----- Exercise data -----
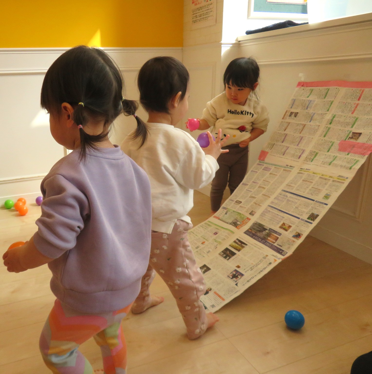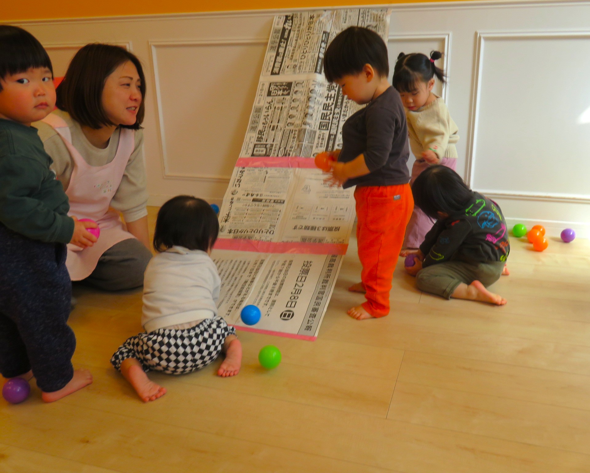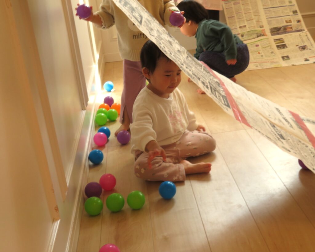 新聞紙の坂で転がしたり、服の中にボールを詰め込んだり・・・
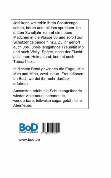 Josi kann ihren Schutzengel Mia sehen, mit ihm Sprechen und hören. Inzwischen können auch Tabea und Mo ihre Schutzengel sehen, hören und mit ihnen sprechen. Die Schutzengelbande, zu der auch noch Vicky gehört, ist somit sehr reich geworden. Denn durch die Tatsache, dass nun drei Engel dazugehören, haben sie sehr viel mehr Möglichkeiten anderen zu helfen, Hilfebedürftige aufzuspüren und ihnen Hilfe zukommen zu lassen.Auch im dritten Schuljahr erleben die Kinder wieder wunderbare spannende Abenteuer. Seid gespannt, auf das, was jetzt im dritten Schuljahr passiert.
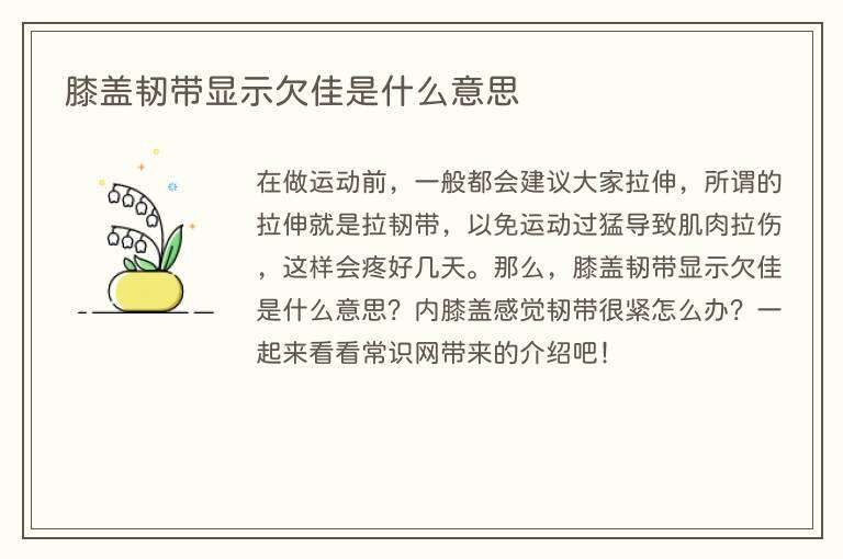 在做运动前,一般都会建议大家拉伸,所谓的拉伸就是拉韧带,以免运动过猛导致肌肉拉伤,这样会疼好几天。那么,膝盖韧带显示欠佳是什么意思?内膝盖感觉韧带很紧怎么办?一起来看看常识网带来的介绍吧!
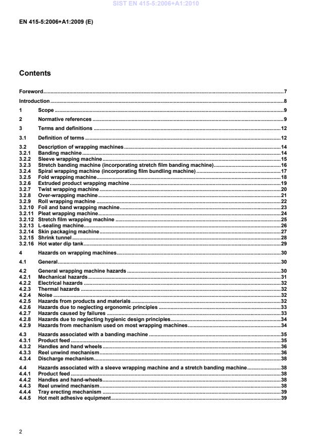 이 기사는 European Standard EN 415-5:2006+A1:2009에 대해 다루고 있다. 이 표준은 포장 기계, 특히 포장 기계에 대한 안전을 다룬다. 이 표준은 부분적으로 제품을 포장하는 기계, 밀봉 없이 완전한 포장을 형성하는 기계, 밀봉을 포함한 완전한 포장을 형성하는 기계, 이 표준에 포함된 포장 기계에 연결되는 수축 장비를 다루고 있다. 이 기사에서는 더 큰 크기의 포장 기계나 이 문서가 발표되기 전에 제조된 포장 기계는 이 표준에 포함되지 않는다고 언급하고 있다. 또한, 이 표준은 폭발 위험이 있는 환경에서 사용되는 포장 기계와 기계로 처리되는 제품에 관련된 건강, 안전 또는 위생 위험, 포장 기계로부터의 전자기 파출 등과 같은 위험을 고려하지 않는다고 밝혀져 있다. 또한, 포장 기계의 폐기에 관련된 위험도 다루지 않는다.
-----
## About this task
In the listing above, find the line with "Josi kann ihren" and the line with "在做运动前,一般都会建议大家". Transcribe those two and everything between, exactly, leaving out pictures.

## Solution to the exercise
 Josi kann ihren Schutzengel Mia sehen, mit ihm Sprechen und hören. Inzwischen können auch Tabea und Mo ihre Schutzengel sehen, hören und mit ihnen sprechen. Die Schutzengelbande, zu der auch noch Vicky gehört, ist somit sehr reich geworden. Denn durch die Tatsache, dass nun drei Engel dazugehören, haben sie sehr viel mehr Möglichkeiten anderen zu helfen, Hilfebedürftige aufzuspüren und ihnen Hilfe zukommen zu lassen.Auch im dritten Schuljahr erleben die Kinder wieder wunderbare spannende Abenteuer. Seid gespannt, auf das, was jetzt im dritten Schuljahr passiert.
 在做运动前,一般都会建议大家拉伸,所谓的拉伸就是拉韧带,以免运动过猛导致肌肉拉伤,这样会疼好几天。那么,膝盖韧带显示欠佳是什么意思?内膝盖感觉韧带很紧怎么办?一起来看看常识网带来的介绍吧!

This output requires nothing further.